# what kind of tortoise to get?



## austinSOLO (Jul 9, 2012)

okay so i know i have been posting a lot about red foots and yellows, but since i live in Washington state, i am worried about the temperatures. it can get 90 but it doesn't happen much, and usually is in the 70's, is that still aa good temperature for a red or yellow foot? if not is there any other species of tortoise that is relatively cheap but does good in the 70 to 80 degree temperature? this will help me VERY much!


----------



## Eweezyfosheezy (Jul 9, 2012)

I recommend an eastern hermanns. They stay relatively small and are fantastic torts. It will be easy to accommodate inside when the temps arent perfect outside which in Washington could be quite a lot.


----------



## austinSOLO (Jul 9, 2012)

so they would do fine in the 70's though because lately it has been about 80 to 85 mid day


----------



## Eweezyfosheezy (Jul 9, 2012)

Yeah those temps are fine. Mine like it wet here in AZ more than any of my other testudo species like russians and greeks. I would find a well started baby and you can take him outside during the day and bring him in at night. He will have to come in during the winter and you can choose to hibernate him once he reaches around 5 inches thats the size I would start hibernating at but I dont hibernate mine.


----------



## austinSOLO (Jul 9, 2012)

okay thank you i will look into the hermanns!


----------



## Laura (Jul 9, 2012)

you are going to need some artificial heat regardless...


----------



## Eweezyfosheezy (Jul 9, 2012)

No problem. One of my favorite torts.


----------



## austinSOLO (Jul 9, 2012)

how can i do that?


do you sell them or know any good breeders?


----------



## CactusVinnie (Jul 9, 2012)

I understand that you are not in the rain shadow of the coastal range, but west of the mountains. Cool summers, mild winters. Am I right? Where precisely? 
Anyway, for your state, the best choices would be T. hermanni boettgeri (Easterns, larger, hardier), as Eweezyetc said, or even Westerns- if you live west of the montains (but hibernated in controlled conditions, since its too humid there).
Then, T. ibera/T. horsfieldi for the harsh places in the East- hot dry summers, cold winters (they cope well with year-round outdoor keeping, save for the predators). 

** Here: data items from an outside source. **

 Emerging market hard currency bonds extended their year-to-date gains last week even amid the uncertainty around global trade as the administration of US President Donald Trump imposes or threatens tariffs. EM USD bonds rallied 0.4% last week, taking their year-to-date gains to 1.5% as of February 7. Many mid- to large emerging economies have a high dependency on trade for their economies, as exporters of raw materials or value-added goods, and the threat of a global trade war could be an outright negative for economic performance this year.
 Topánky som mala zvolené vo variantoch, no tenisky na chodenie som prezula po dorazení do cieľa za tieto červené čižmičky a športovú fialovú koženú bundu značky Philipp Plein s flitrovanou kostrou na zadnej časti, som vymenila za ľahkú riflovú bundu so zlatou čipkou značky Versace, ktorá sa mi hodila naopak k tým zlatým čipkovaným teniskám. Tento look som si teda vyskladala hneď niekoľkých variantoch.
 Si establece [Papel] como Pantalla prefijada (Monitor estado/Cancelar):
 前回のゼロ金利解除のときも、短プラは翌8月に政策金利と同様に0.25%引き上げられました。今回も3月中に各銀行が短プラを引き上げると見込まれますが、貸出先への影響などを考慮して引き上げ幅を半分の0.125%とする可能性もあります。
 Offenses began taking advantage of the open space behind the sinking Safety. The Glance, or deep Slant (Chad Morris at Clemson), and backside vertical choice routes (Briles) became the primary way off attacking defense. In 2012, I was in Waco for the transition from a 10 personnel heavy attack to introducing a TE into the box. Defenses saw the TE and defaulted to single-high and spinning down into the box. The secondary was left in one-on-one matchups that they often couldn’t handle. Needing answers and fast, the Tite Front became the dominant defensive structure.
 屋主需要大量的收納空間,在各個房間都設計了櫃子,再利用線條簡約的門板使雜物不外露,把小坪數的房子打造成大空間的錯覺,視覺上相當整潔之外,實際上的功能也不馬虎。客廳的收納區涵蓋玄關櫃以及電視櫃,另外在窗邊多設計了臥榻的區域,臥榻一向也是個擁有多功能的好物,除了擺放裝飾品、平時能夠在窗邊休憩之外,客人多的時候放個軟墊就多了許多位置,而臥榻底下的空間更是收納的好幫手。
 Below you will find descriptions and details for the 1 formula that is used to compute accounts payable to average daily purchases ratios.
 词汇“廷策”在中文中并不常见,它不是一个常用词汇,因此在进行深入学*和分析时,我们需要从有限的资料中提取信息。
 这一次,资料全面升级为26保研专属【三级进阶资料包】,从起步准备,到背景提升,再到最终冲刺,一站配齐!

I wouldn't keep tortoises that need too much extra care in my location. Many do that, it's their choice, but I feel much more safe and satisfied knowing that my tortoises feel *almost* at home in my local climate. 
If I would live in... Louisiana, I would not torture Ibera and Horsfieldi (Boettgeri maybe taking it reasonable) with that climate, rather I would search a humid-tropical species and keep it indoors for minimum of time.


----------



## Eweezyfosheezy (Jul 9, 2012)

I'm keeping everything I have right now. But there are breeders on here that do have them available. I would recommend getting one from tortoise supply, GBtortoises, and theres a couple others I cant think of at this time that will probably have some available.


----------



## austinSOLO (Jul 9, 2012)

yes you're right east of the mountain it is practically the dessert, and west is cool with more wet winters

can you please tell me all the ideal temps indoors and outdoors?


----------



## CourtneyAndCarl (Jul 9, 2012)

For a Hermann's? They should have a basking temp of around 95-100 or so degrees. The ambient temperature should be around 80-85 degrees, with plenty of places where they can cool off. In my indoor enclosure, Carl has a basking spot of 95, a warm side of about 83, and his cool side is just room temperature with no artificial heat, at maybe 72. 

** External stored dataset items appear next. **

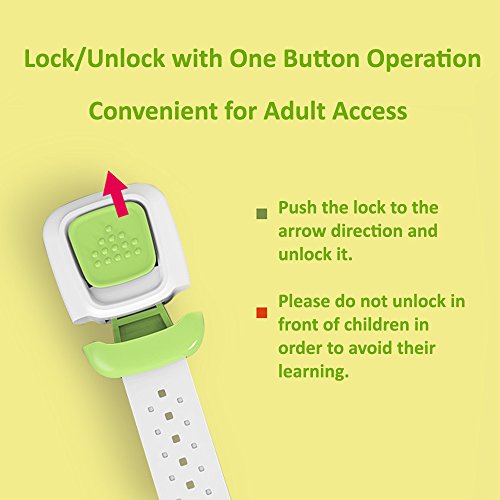 - 【Adjustable & Flexible Strap】These child safety straps not only have their adjustable length from 4.5” to 7.5” but also very flexible to maximize their use with only pressing the button “PUSH”. They work perfectly on both flat surfaces and round corners. If you feel it too long, you can also cut its length by yourself to meet your requirement.
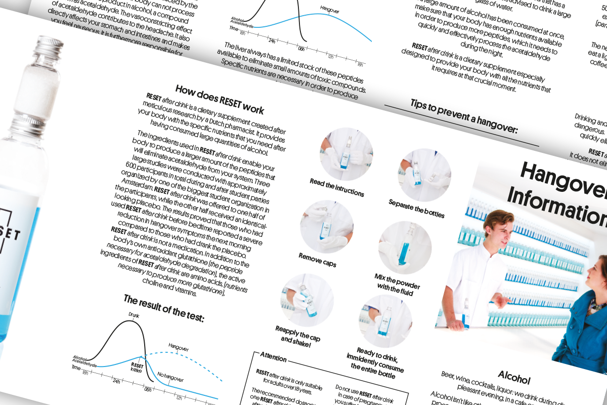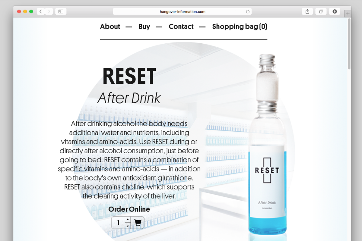 Working together with the architectures of XML, I provided the graphic design for the white vitamin store. The store sold the vitamin supplement Reset, after drink.
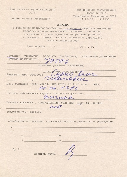Если вы пропустили учебу в школе или высшем учебном заведении, то решить вопрос с пропусками поможет следующий медицинский документ - справка 095 у. Благодаря данному меддокументу вы сможете официально закрыть все прогулы и получить пропуск к сдаче сессии. Кроме учебы справка данной формы позволит также решить вопросы на работе и избежать увольнения, если вы не смогли по каким-то причинам выйти на работу.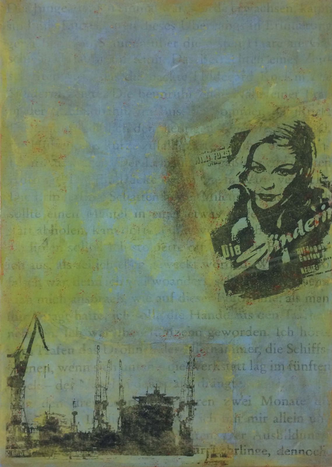 Dieses Bild ist Teil einer Auftragsarbeit für den Kölner Verlag Kieperheuer und Witsch. Mit den gleichen Textfragmenten, unterschiedlichen Bildern und verschiedenen Formaten habe ich 3 Bilder gestaltet. Der Verlag hat sich eines ausgesucht und gekauft. Dieses sollte im März 2020 Uwe Timm bei einer Feier zum 80. Geburtstag übergeben werden. Doch dann kam Corona! Mittlerweile ist Uwe Timm 81 Jahre alt und er hat sein Geburtstagsgeschenk vor einigen Wochen mit der Post erhalten!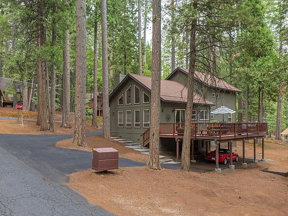 Charming Chalet in Prime Blue Lake Springs Location Walk to Fly-In Lake! Don't miss this stunning 3-bedroom, 3-bath mountain chalet nestled on a level, sun-drenched corner lot in the heart of Blue Lake Springs. Immaculate and move-in ready, this beautifully upgraded home combines classic cabin charm with modern comfort. Step inside to an expansive open-concept great room with soaring ceilings, a cozy fireplace, and seamless indoor-outdoor flow to a massive 600 sq ft deck perfect for entertaining or relaxing under the pines and stars. The recently updated interior features new flooring throughout, upgraded countertops, and fresh exterior paint, creating a warm and inviting atmosphere. The main level includes two spacious bedrooms and two full bathrooms, while the oversized upstairs loft offers a third sleeping area, private full bath, and large walk-in closet ideal for guests or a flexible living space. Additional highlights include: Central gas heat & A/C, Tankless water heater, Low-E windows, circular driveway with plenty of paved parking, weatherproof carport, and a large sub-area for storage. High-quality construction and finishes throughout. Best of all, this home is being sold fully furnished and equipped, so you can start enjoying mountain life immediately. Located just a short walk from Fly-In Lake and close to all the amenities of the Blue Lake Springs HOA including a pool, lake, tennis courts, and more! Whether you're looking for a full-time residence, vacation getaway, or income property, this turnkey chalet is a rare gem in one of Arnold's most desirable neighborhoods. Surrounding photos of the area are also included.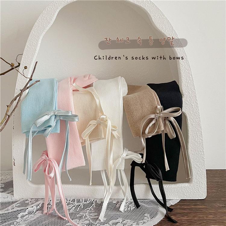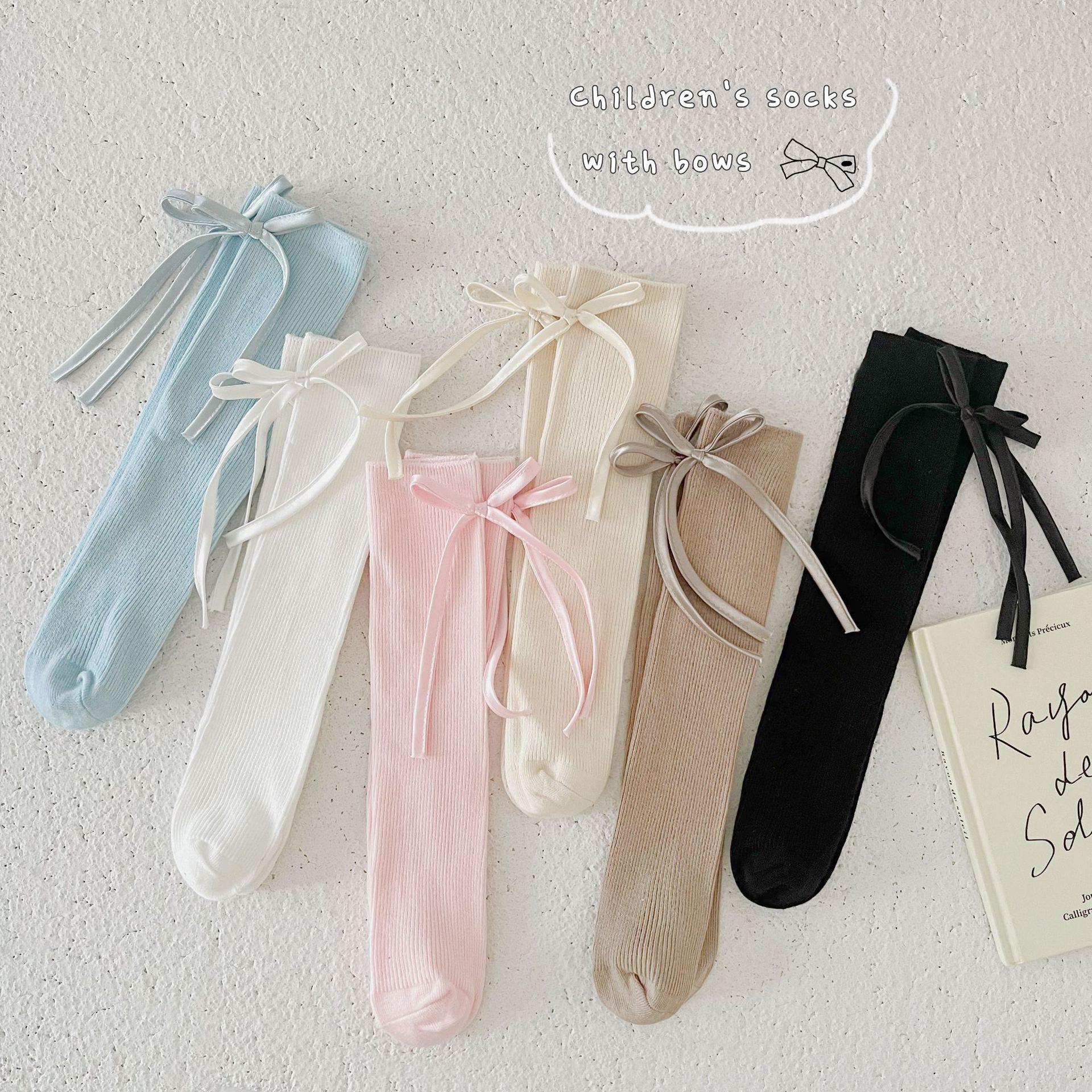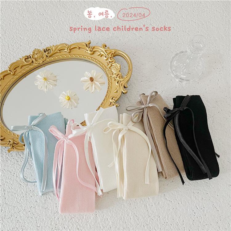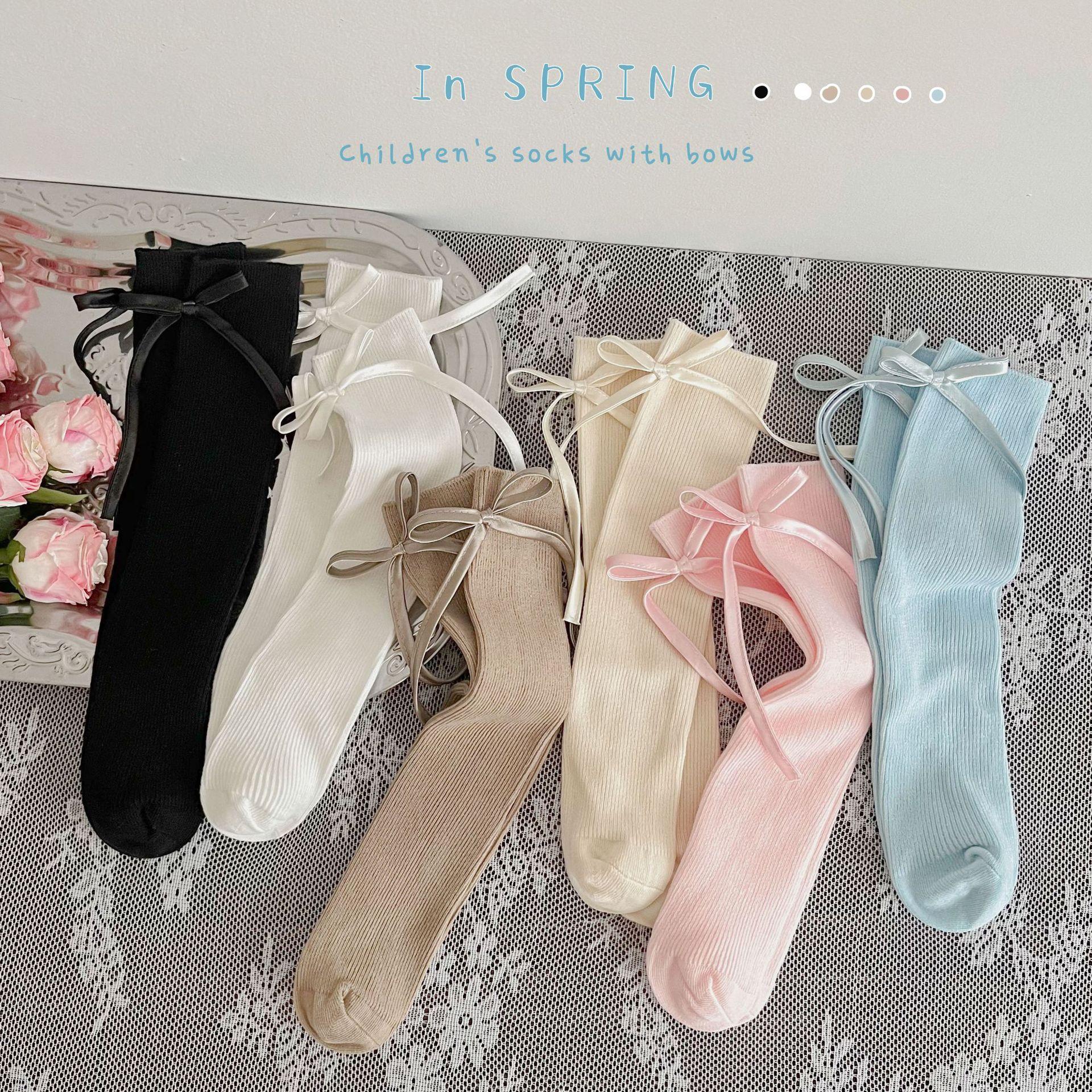CX138 meias de pilha para meninas 24 meias infantis de primavera e verão meias finas de algodão com arco de textura fina para bebês meias de panturrilha

Outside, you can't be quite as precise, but then again, you don't need to, since the conditions are more natural for them anyways. You should provide shade as well as places to sunbathe in the outdoor enclosure, and a water bowl where a tortoise can soak if they feel the need. You'll also want to put him/her on a substrate that's good for digging.. it seems like that's Carl's favorite thing to do outside.  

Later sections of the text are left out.